Анна Чайковская - Триумф красной герани. Книга о Будапеште
Зонт святого Петра и госпожа Розалия
Свои соображения на тему соседства мадьяр-христиан и евреев-иудеев имелись и у крестьянского населения Венгрии. В романе Кальмана Миксата «Зонт святого Петра» (1895) есть любопытнейший эпизод. Действие происходит в австро-венгерские времена в глухой провинции («где-то среди гор Шелмецбани и Бестерце»). Жители деревни, называемой Бабасек и славной уже тем, что в ней раз в году случается ярмарка, решили, что ей пора и быть и слыть – городом: «…В городе все как-то гораздо значительнее, солиднее: земля, сады и даже люди. Само слово «горожанин» уже кое-что значит. Выберут тебя, допустим, в управу – и ты уже сенатор; древний домишко с соломенной крышей, где заседают старейшины, это тебе не что-нибудь, а магистрат; «десятский», в бочкоры обутый, в городе гайдуком прозывается, и хоть нет на нем доломана путного, зато медная пряжка так и сверкает на самом брюхе. Гайдук этот в придачу ко всему должен еще уметь в барабан бить – по той простой причине, что в городишке барабан имеется; а города побогаче, те даже пожарными насосами обзаводятся. Ничего не поделаешь – положение, как говорится, обязывает»[111]. Жители же соседних деревень посмотрели на затею скептически и недоверие свое к замыслам бабасекцев выразили такими словами: «Тоже город называется! Да там ни одного еврея нет! А ведь дело известное: ежели еврей какое место обошел, жизни тому месту не видать и городом не бывать».

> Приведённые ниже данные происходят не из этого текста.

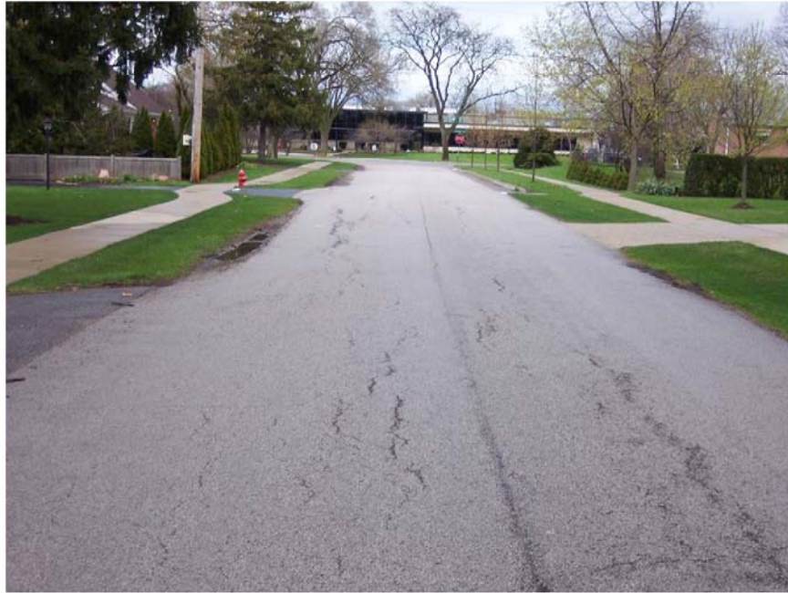
2000 Block of Woodlawn Road
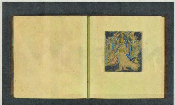
“SAINT JOHN’S Vision of the Seven Candlesticks” is among the pieces in the “Images of War” exhibition at Getty Center.
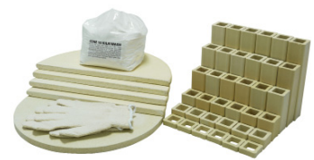
Furniture kit for a e18S kiln.
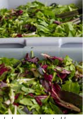
Salad greens donated by Earl's Organic Produce.
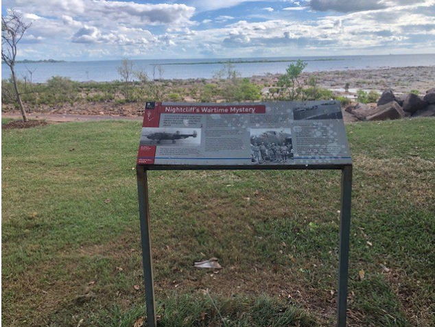
Interpretive sign at Sunset Park, Nightcliff foreshore

The sign would be similar to others along the Nightcliff foreshore, refer images below:

Деревенские, однако, оказались людьми деятельными, и положили во что бы то ни стало завести у себя еврея, чтобы можно было этому критерию города, заявленному народным мнением, соответствовать. Затея, хоть и не вполне, но удалась, и в Бабасек прибыла вдова Мюнц, еврейка, госпожа Розалия: «Вначале многим не нравилось, что магистрат приобрел для города не еврея, а еврейку – ведь насколько респектабельней, горделивей звучали бы случайно оброненные бабасекцем слова: «А наш еврей сказал то да это. Наш Мориц или Тобиаш сделал то или это»; на долю же бабасекцев досталось лишь: «Наша еврейка или наша Розалия», а этого, в общем-то, было мало и звучало чересчур скромно. Одним словом, в Бабасек следовало привезти, конечно, еврея с длинной бородой, с горбатым носом и, лучше всего, с рыжими волосами – вот это был бы настоящий еврей!». Тем не менее появление в центре рынка прямо напротив кузницы настоящей еврейской лавки сразу заставило соседей смотреть на Бабасек с должным уважением. А уж «когда на пурим или, скажем, на кущи со всего света съезжались семеро сыновей Мюнц и на виду у целого города прохаживались по рыночной площади в праздничных господских костюмах, в ботинках со шнурками и в шляпах-котелках, жители Бабасека не выдерживали, выползали в свои садочки и, прямо-таки раздуваясь от гордости при виде столь внушительного зрелища, обменивались замечаниями через плетень:
– Говорю тебе, сват, уж коли наш город не город, тогда и нетопырь козявочка!
– Само собой, – поглаживая пузо, отвечал сват, – Пелшёцу и в десять лет не перевидать столько евреев».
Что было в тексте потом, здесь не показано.